(Dataset excerpt):
---+---

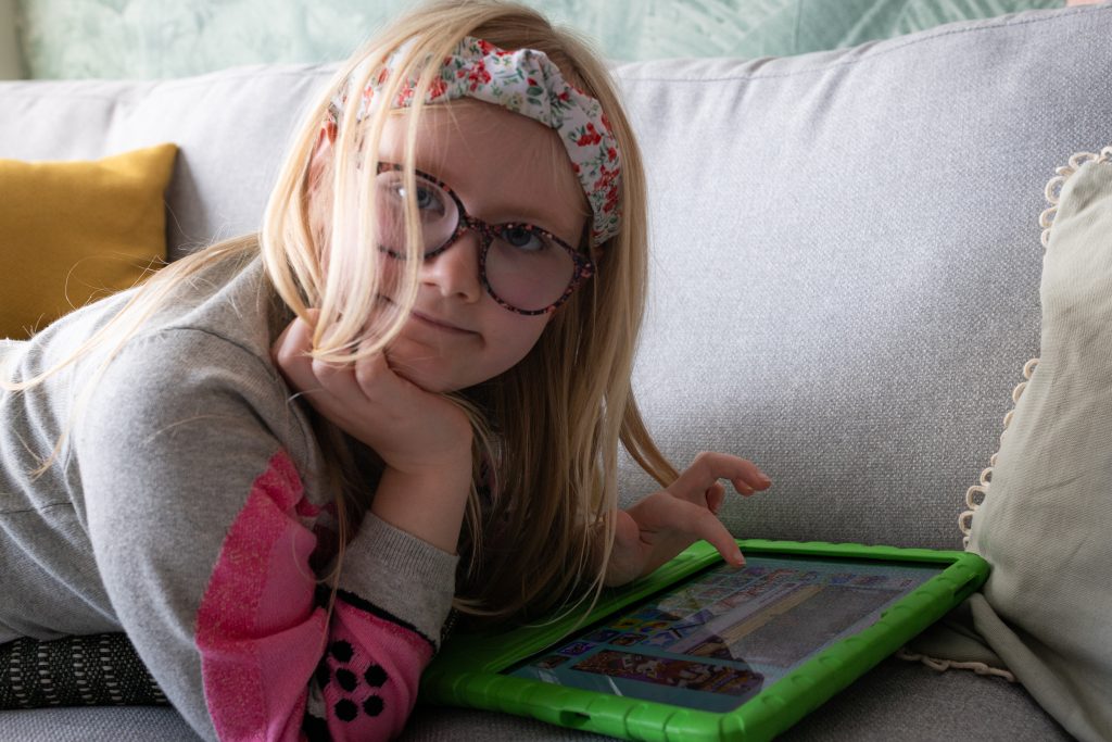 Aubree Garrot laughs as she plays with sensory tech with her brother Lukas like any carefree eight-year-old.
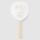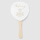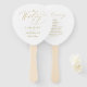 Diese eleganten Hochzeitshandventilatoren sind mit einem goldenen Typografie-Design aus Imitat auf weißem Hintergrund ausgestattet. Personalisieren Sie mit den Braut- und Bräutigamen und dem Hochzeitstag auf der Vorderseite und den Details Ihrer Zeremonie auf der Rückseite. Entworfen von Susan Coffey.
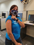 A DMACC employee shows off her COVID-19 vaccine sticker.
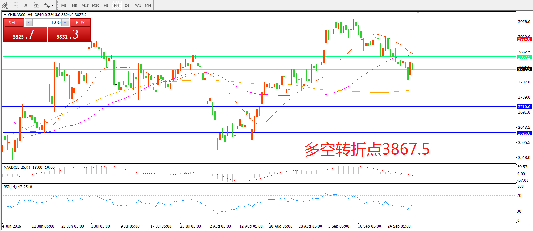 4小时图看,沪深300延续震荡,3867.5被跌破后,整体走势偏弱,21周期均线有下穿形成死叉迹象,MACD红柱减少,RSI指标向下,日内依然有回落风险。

---+---

(Problem to solve):
Output all lines above precisely. Pictures are to be left out.

(Task response):
 Aubree Garrot laughs as she plays with sensory tech with her brother Lukas like any carefree eight-year-old.
 Diese eleganten Hochzeitshandventilatoren sind mit einem goldenen Typografie-Design aus Imitat auf weißem Hintergrund ausgestattet. Personalisieren Sie mit den Braut- und Bräutigamen und dem Hochzeitstag auf der Vorderseite und den Details Ihrer Zeremonie auf der Rückseite. Entworfen von Susan Coffey.
 A DMACC employee shows off her COVID-19 vaccine sticker.
 4小时图看,沪深300延续震荡,3867.5被跌破后,整体走势偏弱,21周期均线有下穿形成死叉迹象,MACD红柱减少,RSI指标向下,日内依然有回落风险。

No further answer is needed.